Introduction
Slaves. Dream, desire, obsession, fantasy; willing females bent to others’ will, to
serve and service, perform, entertain, obey, suffer. Beaten, subdued, and trained into
knowledge and excellence in its application, the perfection of pleasure. Almost every
man’s – and some women’s – ideal.
Or is it?
Chapter 1
“It’s all very well having places that train slaves to be meek and willing,” he said,
emphasising his words with a stiff finger prodded on to the polished surface of the desk,
“but that’s not what a lot of men – or women, I imagine – want.”

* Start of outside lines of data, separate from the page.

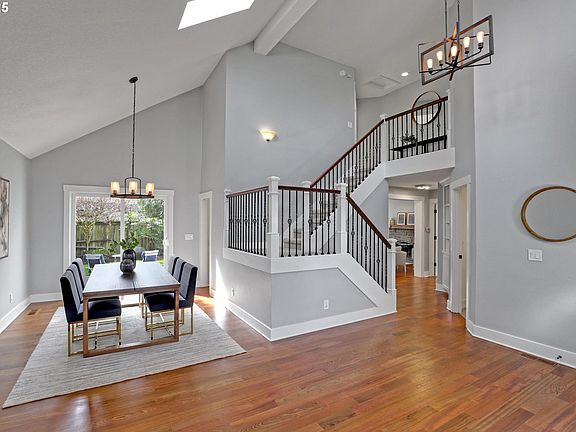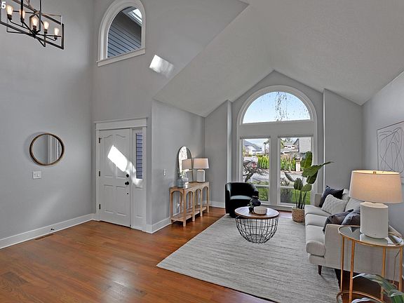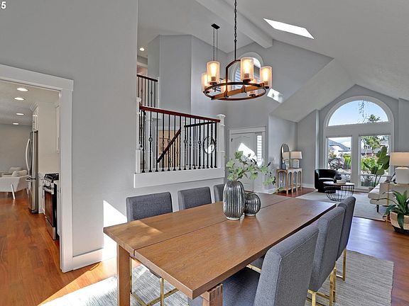 Beautifully updated 4 bed, 3 bath family home in desirable Hidden Springs. Light and bright with vaulted ceilings and newly finished hardwoods throughout the main level. The home boasts a completely updated kitchen, along with fresh interior and exterior paint. Main level den or bedroom with closet and adjacent full bathroom makes it versatile as a guest room. Spacious primary with sitting area, walk-in closet, soaking tub, and rainfall shower. Two additional large bedrooms and bathroom on the upper level.Large level grassy lot, with planter boxes, aggregate patio, sprinkler system, and mature landscaping. Rare 3 car garage (776 sq ft) with workbench and ample attic storage. New (2022) 50-year Presidential Roof, all windows replaced, and renovated crawl space.Incredible location less than a 10-minute walk to Trillium Creek Primary, Rosemont Ridge Middle School, and the neighborhood pool and tennis courts. Quiet neighborhood with access to great parks in the safest city in Oregon.
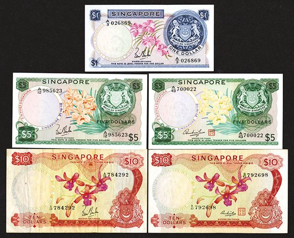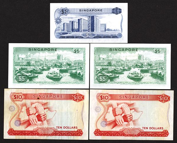 Singapore. 1, 5, 10 Dollars. P-1a; 2a, d; 3a, d. The 10 Dollar notes are Very Fine. The first three are Choice Uncirculated. 5 pieces.
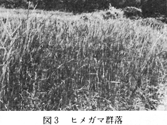 この群落は、本町小仁宇の休耕田約100平方メートルの範囲に発達している、ヒメガマを優占種とする草本群落で、ここは水が絶えず流入しているので、生育できる植物は限られている。ヒメガマ、ミソハギ、アカバナ、スギナ、クサヨシ、セリなどで他の群落と識別することができる。平均出現種数7.6種(付表3)。 (3)シイ・カシ萌芽林

She put her feet on two of the struts that formed the base of her seat and pushed
herself back. The mechanism made a slight groaning creak, a sound that brought a minute
frown to her brow even as she put her hands together, steepled her fingers and tapped her
upper lip with the apex as she studied him. As always, he reminded her of an
untidy-looking bear, his dark hair unkempt, and a hank falling over his forehead. It
somehow matched the creased suit and loose tie, its knot pulled down, the shirt collar
unbuttoned. But despite appearances, Jeff Turnbull was both an astute and influential man;
when he said something like that, it was wise for someone like Audrey Waugh, a mere Prison
Governor against his Regional Director of Correctional Institutions, to listen. Carefully.
Her hands dropped.
“What is the alternative?” she asked mildly.
He smiled and leaned back. “Rape.” His voice was flat, assured.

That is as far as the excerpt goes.